Приятные размышления были прерваны кухаркой:
— Тетенька, опять я забыла, как там, по-вашему, чай этот заваривать!
Елизавета Даниловна собралась было отчитать Матрену за недозволенную фамильярность. Но тут проснулась Верочка, и было уже не до этого.
А. К. Саврасов К. К. Герцу
Петербург, 21 февраля 1861 года
Любезнейший друг Карл Карлович!
…Хлопот и издержек бездна, два больших ящика готовы, теперь нужно приготовить бумаги, клеенки и т. п. Для этого я с г-ном Соколовым сделал все нужные распоряжения, и, по его словам, приблизительный вес этого багажа около 100 пудов.
Сочувствие к нашему новому Обществу со стороны многих лиц, в особенности художников, очень сильно. От действий Общества художники в восторге…
Передай от меня тысячу поклонов тетечке, Эрнестине Карловне и Константину…
До свидания, любезнейший мой.
Петербург, 23 февраля 1861 года
Любезнейший друг Карл Карлович!
Дела наши идут очень хорошо… Г-н Харачков (я с ним виделся) доставит картину Иванова в Москву бесплатно. Ф. Ф. Львов даст нам для выставки 12 картин иностранных художников… с условием, чтобы обратно были отправлены в Петербург к навигации.
Об этом сообщи нашему комитету и уведоми меня тотчас.
Передай от меня поклон тетеньке, Эрнестине Карловне, Константину.
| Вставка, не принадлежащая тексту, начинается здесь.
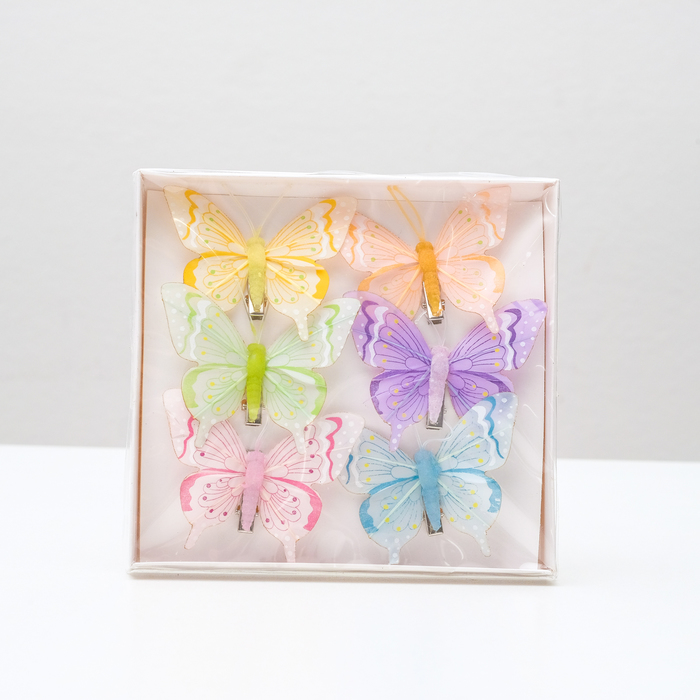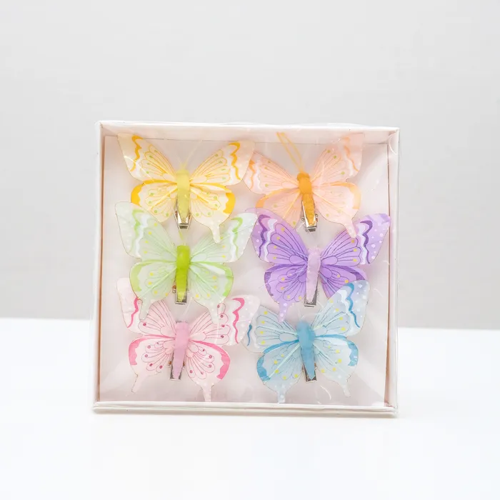 Бабочка для декора и флористики, на прищепке, пластиковая, микс, 1 шт., 7 х 6 х 1 см — Характеристики
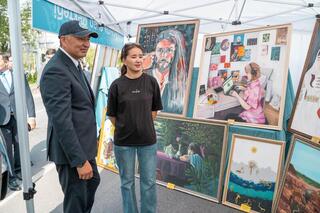 Праздник получился ярким и насыщенным. Для детей в центральном парке имени Б. Сокпакбаева были организованы мастер-классы, шоу-программы, арт-зона и TikTok-локация, где аким лично вышел в прямой эфир, передав привет пользователям соцсетей. Юные художники в арт-пространстве создали портрет Динмухамеда Конаева.
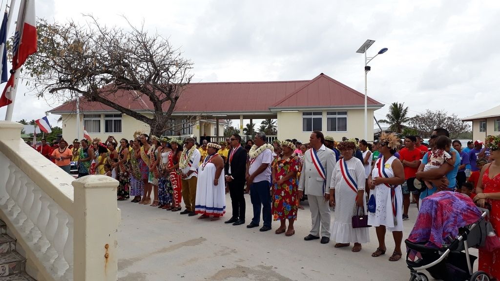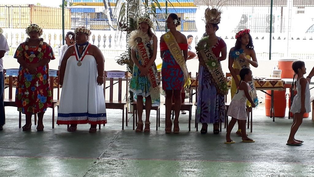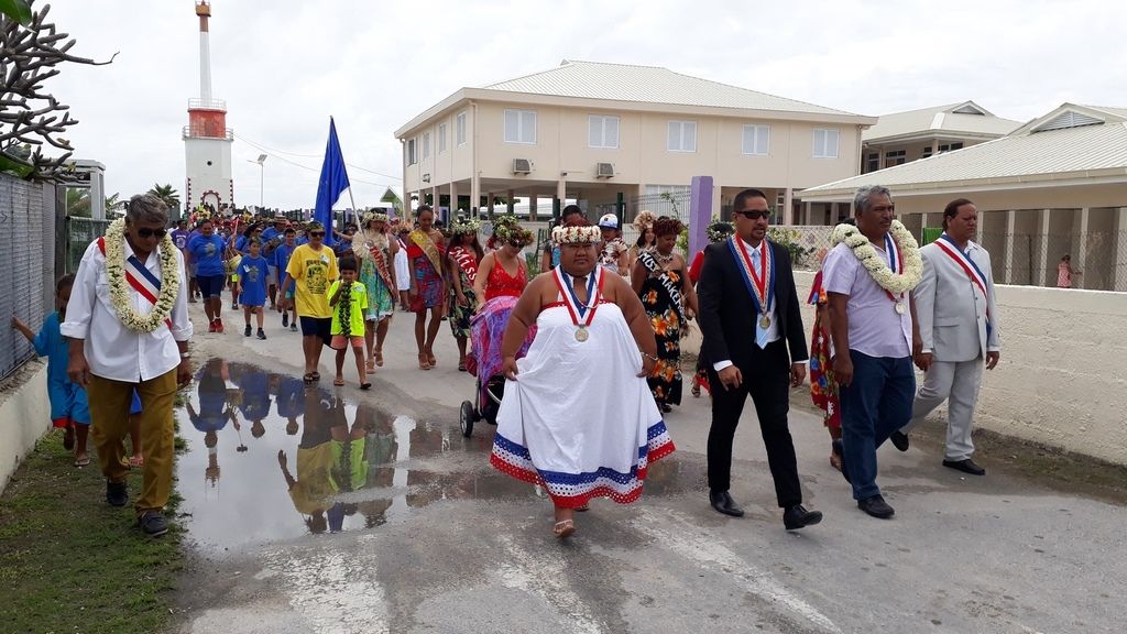 : les élus avec leurs écharpes tricolores, les miss de toutes les éditions précédentes, les délégations des 4 atolls ; un joyeux mélange qui va défiler sur 200 mètres jusqu’à la mairie pour les lever des couleurs Française et Polynésienne au son de la marseillaise et de l’hymne polynésien… Mon premier défilé du 14 juillet !

Душевно любящий тебя
Лондонская всемирная выставка 1862 года дала полную возможность проследить замечательные произведения искусства за последние сто лет.
Только при таком сравнительном обзоре можно составить себе более полное понятие о степени развития таланта и его значения в истории современного искусства.
В отделе искусств было собрано до трех тысяч художественных произведений — картин, рисунков, статуй и пр. разных школ.
Произведения представителей британской школы… не только останавливают внимательный взгляд. Глубина мысли, строгая последовательность, любовь и серьезное понимание искусства, при блестящем, но правдивом колорите, есть отличительный характер живописи британских художников…
Их произведения вышли из условности предшествующего взгляда: строго сохраняя местный характер колорита и рисунка, они с замечательной верностью передают все разнообразные мотивы природы. Колорит их силен, блестящ, но правдив.
Только при таком стремлении, при таком изучении может эта отрасль стать высоко в современном искусстве.
Существует мнение, что ландшафтист может хорошо передать только ту природу, в которой он родился и живет.
Я думаю иначе — это скорее зависит от силы таланта и его воспитания…
Ландшафты художников Швейцарии… весьма мало передают характер природы Швейцарии, столь богатой разнообразием форм, климата и растительности.
Только произведения Калама представляют совершенно другое. Посетив мастерскую, я убедился, с какой любовью этот художник стремился изучать природу…
Говоря о Каламе, я должен, к сожалению, упомянуть, как много молодых талантов сделались жертвою подражания этого художника.
Русский отдел живописи был неполон — было много пробелов, и можно сказать, что много замечательных произведений русского искусства не были на выставке…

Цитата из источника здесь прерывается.